▶ [RECORDS SHOWN]:
◆ ◆ ◆ ◆ ◆ ◆ ◆
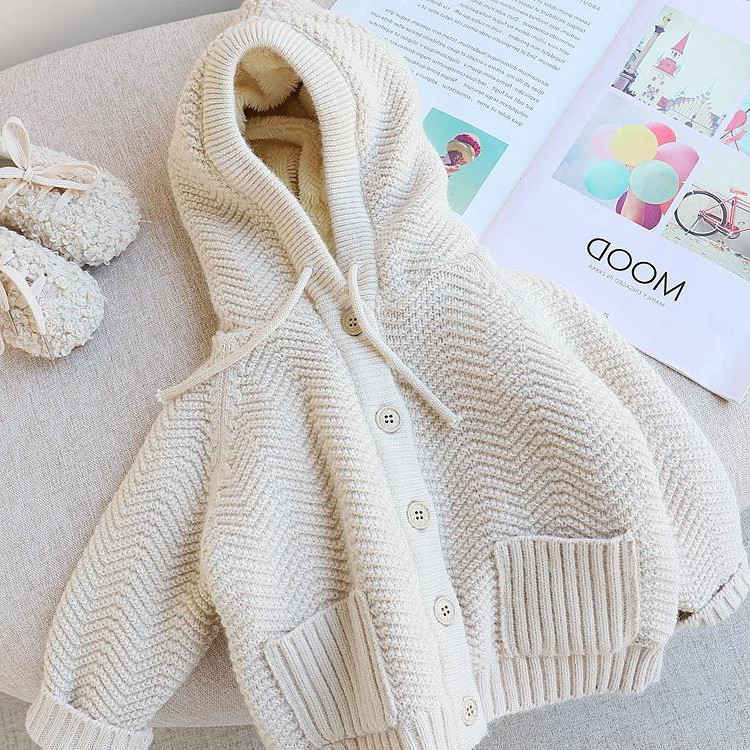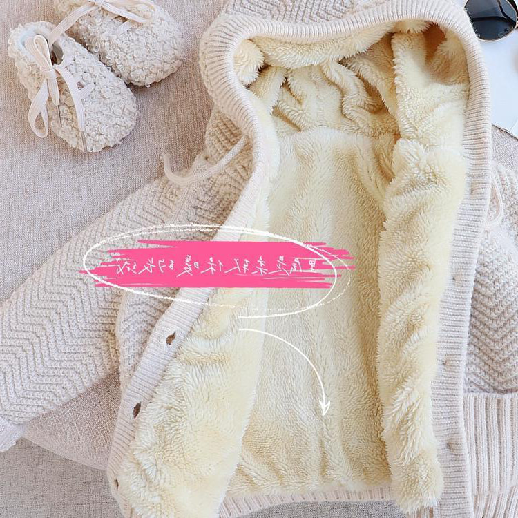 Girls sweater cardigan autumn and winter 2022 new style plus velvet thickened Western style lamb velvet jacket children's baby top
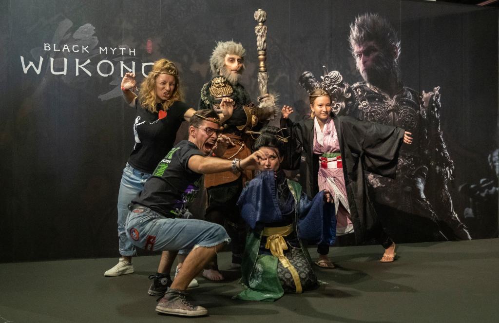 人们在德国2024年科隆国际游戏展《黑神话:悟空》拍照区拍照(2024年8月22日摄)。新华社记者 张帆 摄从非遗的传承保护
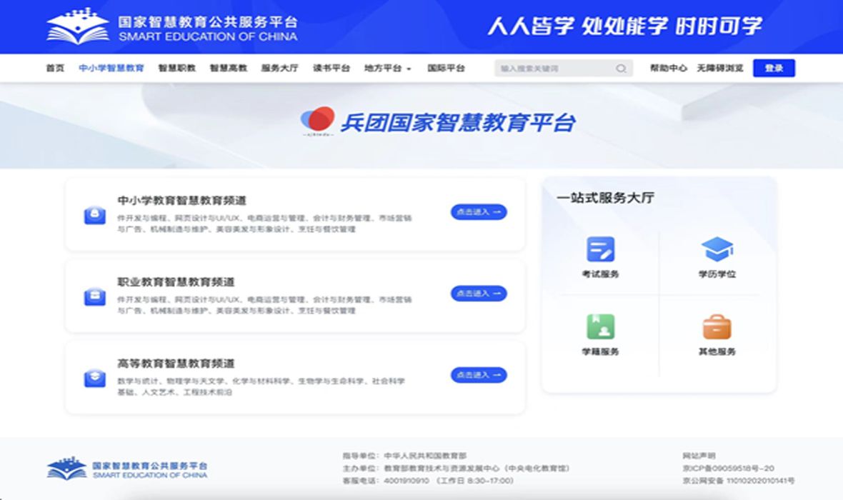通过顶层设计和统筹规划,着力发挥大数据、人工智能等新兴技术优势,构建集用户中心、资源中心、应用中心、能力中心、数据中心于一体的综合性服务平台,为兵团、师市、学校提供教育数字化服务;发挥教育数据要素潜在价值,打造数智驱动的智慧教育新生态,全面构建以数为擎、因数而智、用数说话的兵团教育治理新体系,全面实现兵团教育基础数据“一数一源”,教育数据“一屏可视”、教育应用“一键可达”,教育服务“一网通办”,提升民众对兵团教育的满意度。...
◆ ◆ ◆ ◆ ◆ ◆ ◆
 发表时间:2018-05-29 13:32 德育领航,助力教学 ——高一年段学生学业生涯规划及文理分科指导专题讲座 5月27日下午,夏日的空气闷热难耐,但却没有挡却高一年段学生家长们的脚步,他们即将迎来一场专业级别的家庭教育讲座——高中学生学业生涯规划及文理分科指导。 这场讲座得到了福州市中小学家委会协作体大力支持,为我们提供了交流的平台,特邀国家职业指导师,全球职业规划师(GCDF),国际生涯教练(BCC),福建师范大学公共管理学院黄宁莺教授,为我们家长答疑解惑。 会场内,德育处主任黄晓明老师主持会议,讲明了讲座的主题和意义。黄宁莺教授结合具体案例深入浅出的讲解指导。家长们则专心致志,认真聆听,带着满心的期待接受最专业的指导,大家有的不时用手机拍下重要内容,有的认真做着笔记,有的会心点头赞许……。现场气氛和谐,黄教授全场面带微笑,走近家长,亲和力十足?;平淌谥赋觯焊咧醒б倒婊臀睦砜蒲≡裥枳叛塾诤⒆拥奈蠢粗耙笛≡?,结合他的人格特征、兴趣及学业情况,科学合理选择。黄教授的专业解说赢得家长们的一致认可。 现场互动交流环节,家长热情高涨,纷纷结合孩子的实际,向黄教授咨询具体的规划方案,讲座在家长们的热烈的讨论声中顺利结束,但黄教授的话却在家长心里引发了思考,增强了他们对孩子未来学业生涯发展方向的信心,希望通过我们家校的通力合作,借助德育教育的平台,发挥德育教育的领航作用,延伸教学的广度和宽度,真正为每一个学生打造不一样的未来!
◆ ◆ ◆ ◆ ◆ ◆ ◆
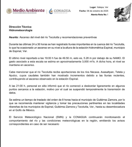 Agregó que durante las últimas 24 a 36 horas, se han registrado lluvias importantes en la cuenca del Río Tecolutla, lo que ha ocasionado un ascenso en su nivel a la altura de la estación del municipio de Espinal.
◆ ◆ ◆ ◆ ◆ ◆ ◆
▶ [WHAT YOU SHOULD DO]:
Exactly the lines above from the one that contains "Girls sweater cardigan" down to the one that contains "通过顶层设计和统筹规划,着力" are to be output, both ends kept and pictures omitted.

▶ [ANSWER TO THE PROBLEM]:
 Girls sweater cardigan autumn and winter 2022 new style plus velvet thickened Western style lamb velvet jacket children's baby top
 人们在德国2024年科隆国际游戏展《黑神话:悟空》拍照区拍照(2024年8月22日摄)。新华社记者 张帆 摄从非遗的传承保护
通过顶层设计和统筹规划,着力发挥大数据、人工智能等新兴技术优势,构建集用户中心、资源中心、应用中心、能力中心、数据中心于一体的综合性服务平台,为兵团、师市、学校提供教育数字化服务;发挥教育数据要素潜在价值,打造数智驱动的智慧教育新生态,全面构建以数为擎、因数而智、用数说话的兵团教育治理新体系,全面实现兵团教育基础数据“一数一源”,教育数据“一屏可视”、教育应用“一键可达”,教育服务“一网通办”,提升民众对兵团教育的满意度。...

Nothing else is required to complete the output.